«Pourquoi un penseur que tout classe à gauche est-il considéré comme de droite ?»: voilà la question de fond que posent Emmanuel et Mathias Roux dans leur livre “Michéa l’inactuel, une critique de la civilisation libérale”. Une question essentielle car Jean-Claude Michéa, agrégé de philosophie, est l’un des rares théoriciens contemporains à être déjà culte de son vivant.
«La gauche intellectuelle lui fait payer le fait d’être lu, mentionné et revendiqué par une certaine droite» écrivent les auteurs. Par le fait qu’il soit goûté aussi bien dans les rangs de la gauche conservatrice que de la droite illibérale, Michéa est aussi un magnifique révélateur des sectarismes contemporains.
On ne le voit jamais sur les plateaux télé, et, depuis sa retraite des Landes, il n’accorde que de rares entretiens à la presse écrite. Pourtant, l’auteur de “L’Empire du moindre mal” a servi de guide à toute une génération lassé par les incohérences de chaque camp politique et déçus par les fausses promesses de l’ «alternance unique». […

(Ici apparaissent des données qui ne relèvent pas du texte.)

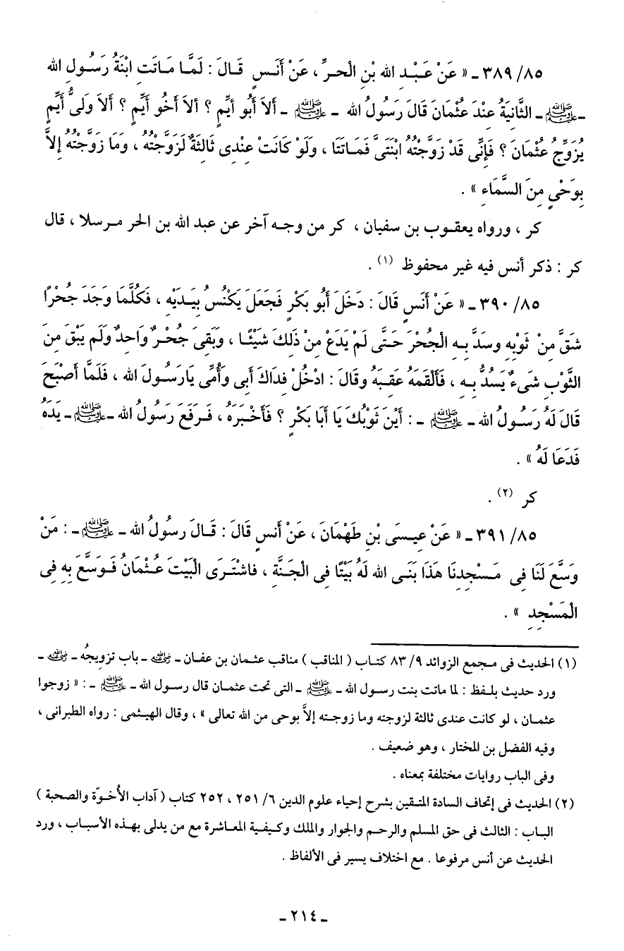 85/ 389 - "عَنْ عَبْدِ الله بْنِ الحرِّ، عَنْ أنَسٍ قَالَ: لَمَّا مَاتَت ابْنَةُ رَسُولِ الله - صلى الله عليه وسلم - الثَّمانِيَةُ عِنْدَ عثمَانَ قَالَ رَسُولُ الله - صَلَّى الله عليه وسلم - ألاَ أَبو أيِّمٍ؟ ألاَ أخُو أيِّمٍ؟ أَلاَ وَلىُّ أيِّمٍ يُزَوِّجُ عثمَانَ؟ فَإِنِّى قَدْ زَوَّجْتُهُ ابْنَتَىَّ فَمَاتَتَا، وَلَوْ كَانَتْ عِنْدِى ثَالِثَة لَزَوَّجْتُهُ، وَمَا زَوَّجْتُهُ إِلَّا بِوَحْى مِنَ السَّمَاءِ".

[…]«Quand donc la tyrannie du politiquement correct en vient à se retourner contre la tyrannie du plaisir, on assiste au spectacle étrange de mai 68 portant plainte contre mai 68, du parti des conséquences mobilisant ses ligues de vertu pour exiger l’interdiction de ses propres prémisses». Un aphorisme qui pourrait définir à merveille les ambiguïtés du mouvement «me too».
Depuis les années 2000 (et la publication du Rappel à l’ordre de Daniel Lindenberg) , la gauche se livre à une épuration systématique dans ses rangs de toute pensée jugée conservatrice.
Quiconque n’adhère pas sans fard à l’idéologie progressiste se voit retirer l’onction divine et ne mérite plus d’appartenir à la tribu.